What is required:
Line by line, return the listing exactly, without any of the images.

Data excerpt:
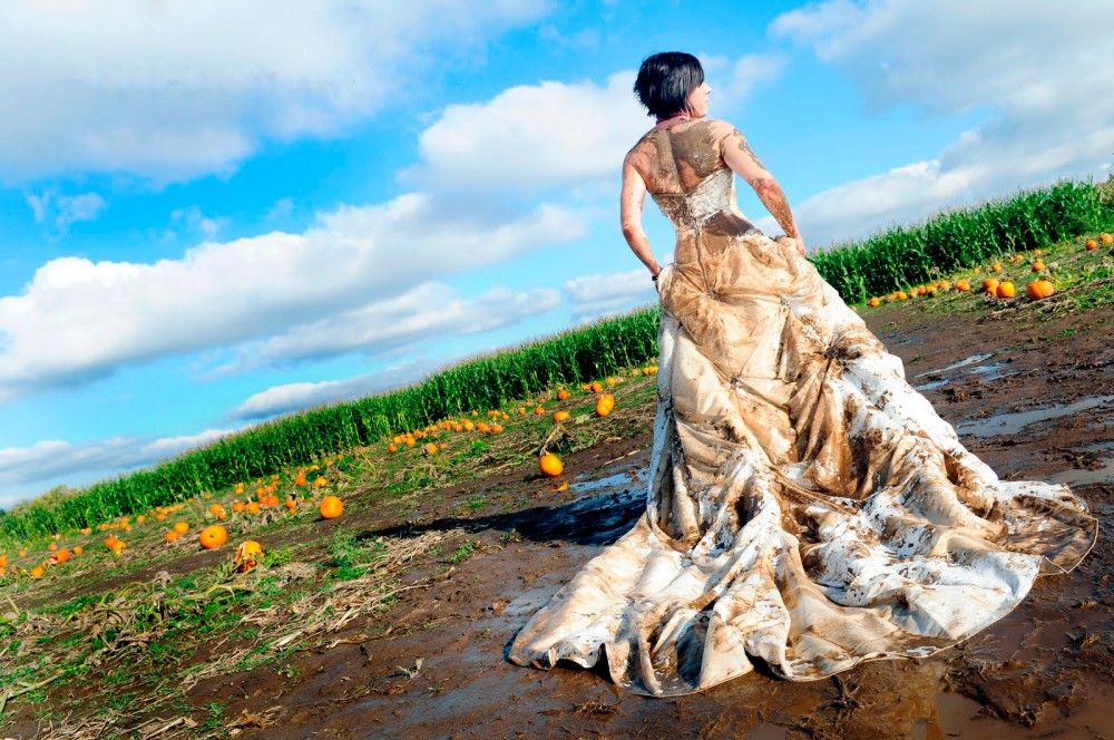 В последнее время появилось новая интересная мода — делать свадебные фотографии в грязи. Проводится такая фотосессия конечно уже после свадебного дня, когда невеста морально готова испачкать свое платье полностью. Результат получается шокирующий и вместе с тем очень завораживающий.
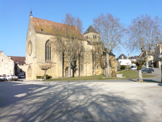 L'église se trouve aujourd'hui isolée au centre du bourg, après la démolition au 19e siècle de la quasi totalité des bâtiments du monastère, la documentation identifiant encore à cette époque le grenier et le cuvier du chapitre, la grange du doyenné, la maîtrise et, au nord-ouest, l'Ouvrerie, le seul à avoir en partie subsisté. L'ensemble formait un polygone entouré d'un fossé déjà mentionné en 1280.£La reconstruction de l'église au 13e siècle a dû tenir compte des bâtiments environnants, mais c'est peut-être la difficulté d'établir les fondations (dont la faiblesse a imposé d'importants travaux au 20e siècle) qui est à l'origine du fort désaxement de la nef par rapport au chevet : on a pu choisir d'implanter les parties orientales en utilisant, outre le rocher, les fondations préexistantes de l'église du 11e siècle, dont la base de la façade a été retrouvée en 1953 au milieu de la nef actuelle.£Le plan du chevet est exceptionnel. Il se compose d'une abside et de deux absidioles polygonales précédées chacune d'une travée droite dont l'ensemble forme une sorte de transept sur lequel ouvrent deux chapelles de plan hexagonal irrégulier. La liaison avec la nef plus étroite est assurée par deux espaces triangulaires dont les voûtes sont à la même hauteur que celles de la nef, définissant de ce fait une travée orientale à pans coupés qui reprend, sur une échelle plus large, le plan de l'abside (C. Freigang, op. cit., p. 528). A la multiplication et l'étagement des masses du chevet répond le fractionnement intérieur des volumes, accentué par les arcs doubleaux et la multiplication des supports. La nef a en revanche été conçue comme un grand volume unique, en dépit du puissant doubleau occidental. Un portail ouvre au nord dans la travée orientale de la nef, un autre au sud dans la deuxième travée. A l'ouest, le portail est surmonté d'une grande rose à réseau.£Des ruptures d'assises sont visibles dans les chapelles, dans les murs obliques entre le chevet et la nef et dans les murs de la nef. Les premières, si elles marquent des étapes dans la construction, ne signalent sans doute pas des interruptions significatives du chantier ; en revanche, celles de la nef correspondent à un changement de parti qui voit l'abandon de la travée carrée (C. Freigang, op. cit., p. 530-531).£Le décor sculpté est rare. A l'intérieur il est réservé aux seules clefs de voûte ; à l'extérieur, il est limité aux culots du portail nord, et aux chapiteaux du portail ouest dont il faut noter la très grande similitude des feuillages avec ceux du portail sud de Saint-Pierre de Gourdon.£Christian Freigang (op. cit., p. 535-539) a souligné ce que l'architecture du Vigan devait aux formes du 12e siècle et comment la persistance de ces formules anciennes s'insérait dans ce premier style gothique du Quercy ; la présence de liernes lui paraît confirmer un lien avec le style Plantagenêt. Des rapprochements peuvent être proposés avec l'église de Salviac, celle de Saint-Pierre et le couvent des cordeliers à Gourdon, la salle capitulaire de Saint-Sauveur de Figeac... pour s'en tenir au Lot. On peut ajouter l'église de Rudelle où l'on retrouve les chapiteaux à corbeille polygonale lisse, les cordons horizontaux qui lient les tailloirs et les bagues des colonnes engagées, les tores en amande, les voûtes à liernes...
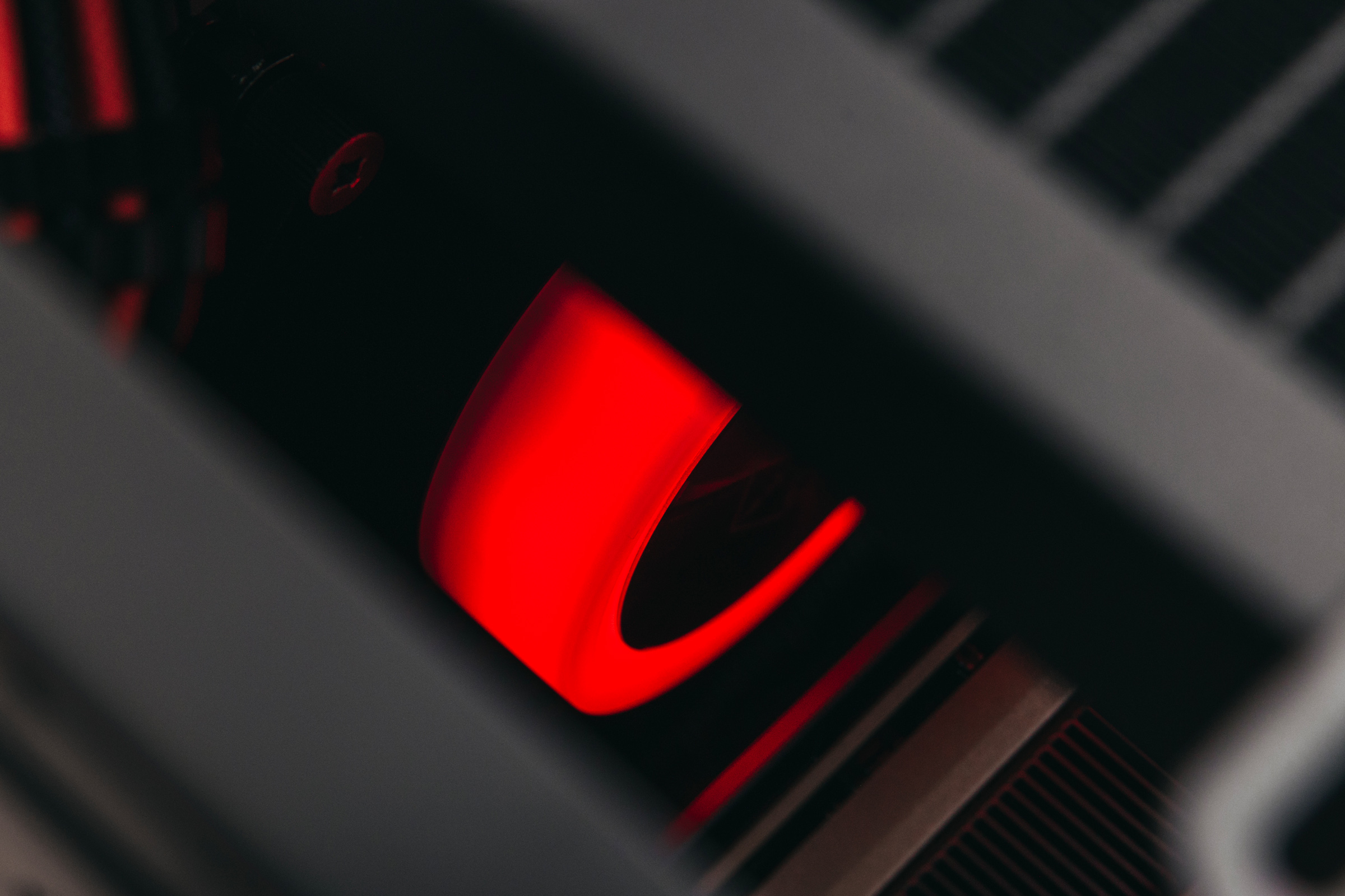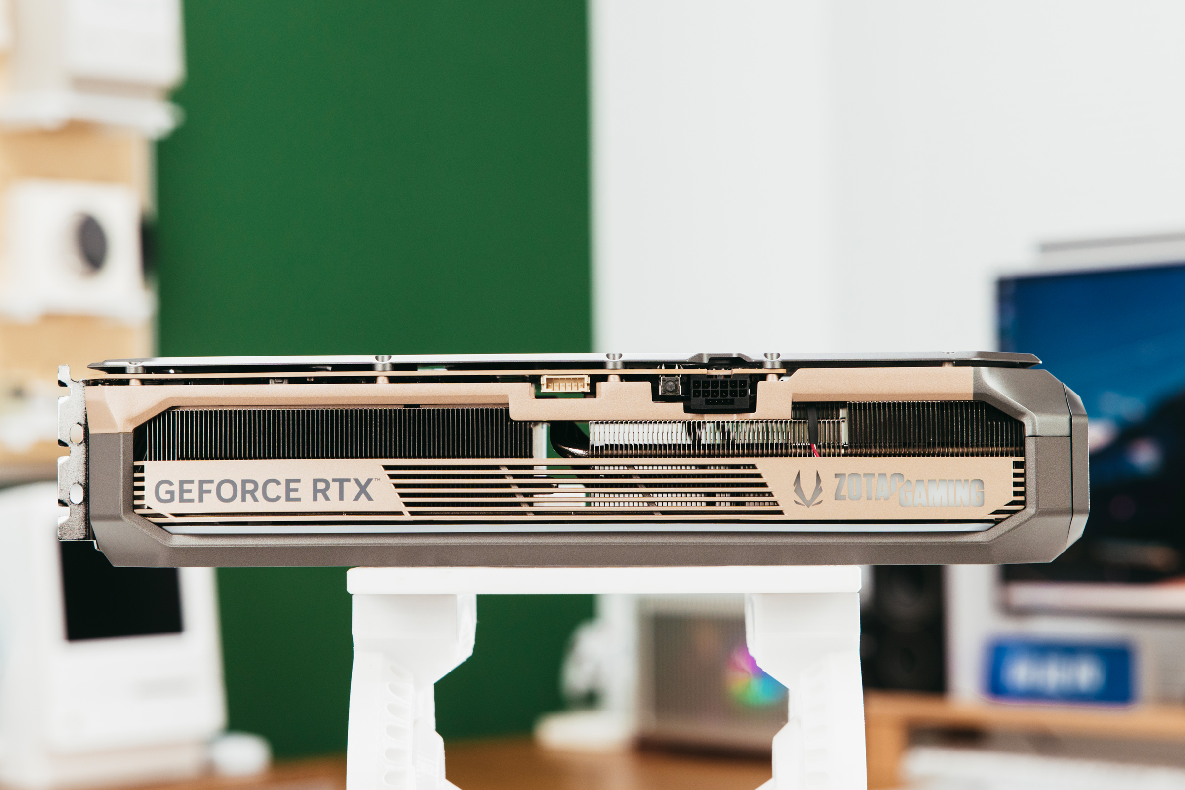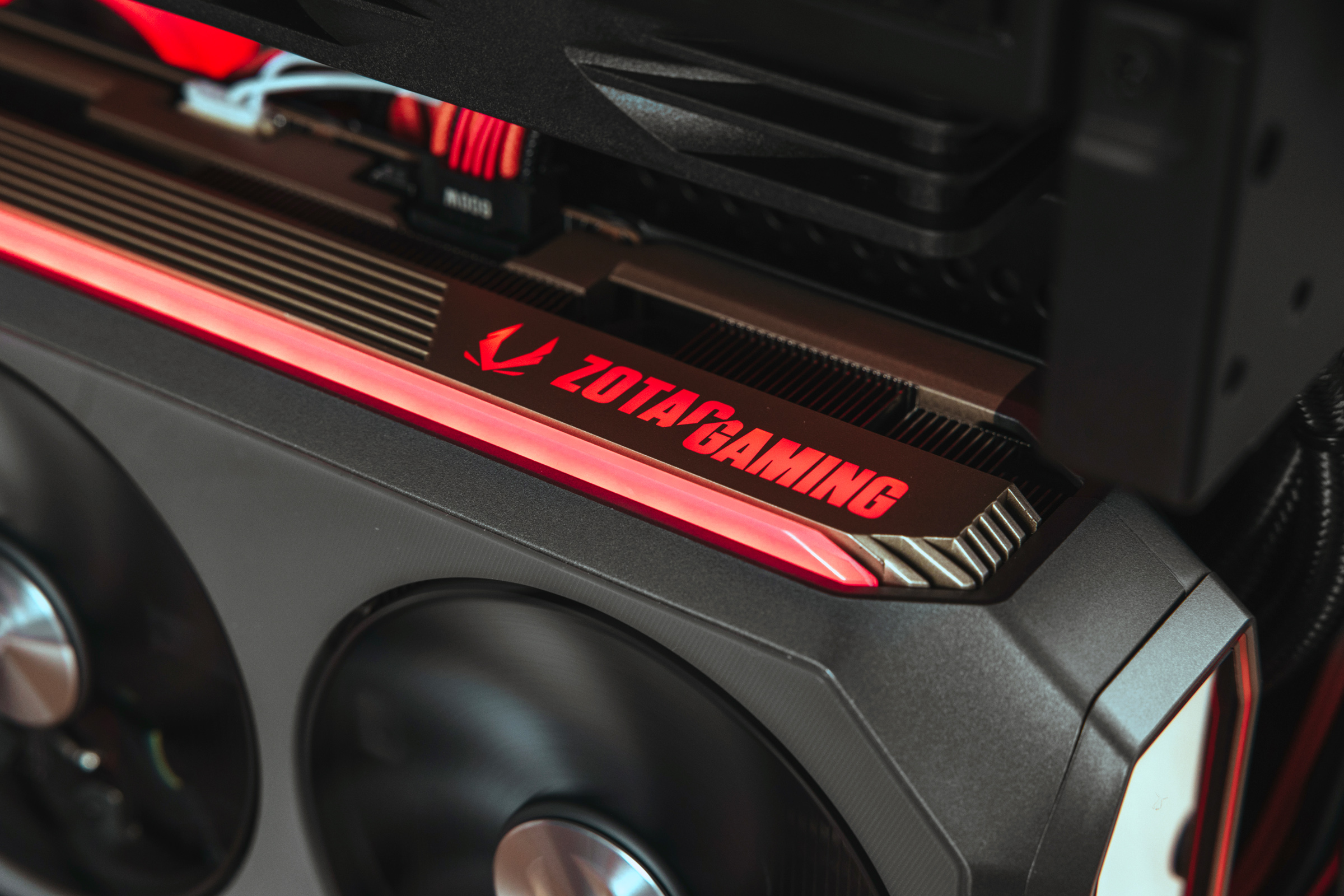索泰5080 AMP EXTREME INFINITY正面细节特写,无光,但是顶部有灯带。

Output of the task:
 В последнее время появилось новая интересная мода — делать свадебные фотографии в грязи. Проводится такая фотосессия конечно уже после свадебного дня, когда невеста морально готова испачкать свое платье полностью. Результат получается шокирующий и вместе с тем очень завораживающий.
 L'église se trouve aujourd'hui isolée au centre du bourg, après la démolition au 19e siècle de la quasi totalité des bâtiments du monastère, la documentation identifiant encore à cette époque le grenier et le cuvier du chapitre, la grange du doyenné, la maîtrise et, au nord-ouest, l'Ouvrerie, le seul à avoir en partie subsisté. L'ensemble formait un polygone entouré d'un fossé déjà mentionné en 1280.£La reconstruction de l'église au 13e siècle a dû tenir compte des bâtiments environnants, mais c'est peut-être la difficulté d'établir les fondations (dont la faiblesse a imposé d'importants travaux au 20e siècle) qui est à l'origine du fort désaxement de la nef par rapport au chevet : on a pu choisir d'implanter les parties orientales en utilisant, outre le rocher, les fondations préexistantes de l'église du 11e siècle, dont la base de la façade a été retrouvée en 1953 au milieu de la nef actuelle.£Le plan du chevet est exceptionnel. Il se compose d'une abside et de deux absidioles polygonales précédées chacune d'une travée droite dont l'ensemble forme une sorte de transept sur lequel ouvrent deux chapelles de plan hexagonal irrégulier. La liaison avec la nef plus étroite est assurée par deux espaces triangulaires dont les voûtes sont à la même hauteur que celles de la nef, définissant de ce fait une travée orientale à pans coupés qui reprend, sur une échelle plus large, le plan de l'abside (C. Freigang, op. cit., p. 528). A la multiplication et l'étagement des masses du chevet répond le fractionnement intérieur des volumes, accentué par les arcs doubleaux et la multiplication des supports. La nef a en revanche été conçue comme un grand volume unique, en dépit du puissant doubleau occidental. Un portail ouvre au nord dans la travée orientale de la nef, un autre au sud dans la deuxième travée. A l'ouest, le portail est surmonté d'une grande rose à réseau.£Des ruptures d'assises sont visibles dans les chapelles, dans les murs obliques entre le chevet et la nef et dans les murs de la nef. Les premières, si elles marquent des étapes dans la construction, ne signalent sans doute pas des interruptions significatives du chantier ; en revanche, celles de la nef correspondent à un changement de parti qui voit l'abandon de la travée carrée (C. Freigang, op. cit., p. 530-531).£Le décor sculpté est rare. A l'intérieur il est réservé aux seules clefs de voûte ; à l'extérieur, il est limité aux culots du portail nord, et aux chapiteaux du portail ouest dont il faut noter la très grande similitude des feuillages avec ceux du portail sud de Saint-Pierre de Gourdon.£Christian Freigang (op. cit., p. 535-539) a souligné ce que l'architecture du Vigan devait aux formes du 12e siècle et comment la persistance de ces formules anciennes s'insérait dans ce premier style gothique du Quercy ; la présence de liernes lui paraît confirmer un lien avec le style Plantagenêt. Des rapprochements peuvent être proposés avec l'église de Salviac, celle de Saint-Pierre et le couvent des cordeliers à Gourdon, la salle capitulaire de Saint-Sauveur de Figeac... pour s'en tenir au Lot. On peut ajouter l'église de Rudelle où l'on retrouve les chapiteaux à corbeille polygonale lisse, les cordons horizontaux qui lient les tailloirs et les bagues des colonnes engagées, les tores en amande, les voûtes à liernes...
索泰5080 AMP EXTREME INFINITY正面细节特写,无光,但是顶部有灯带。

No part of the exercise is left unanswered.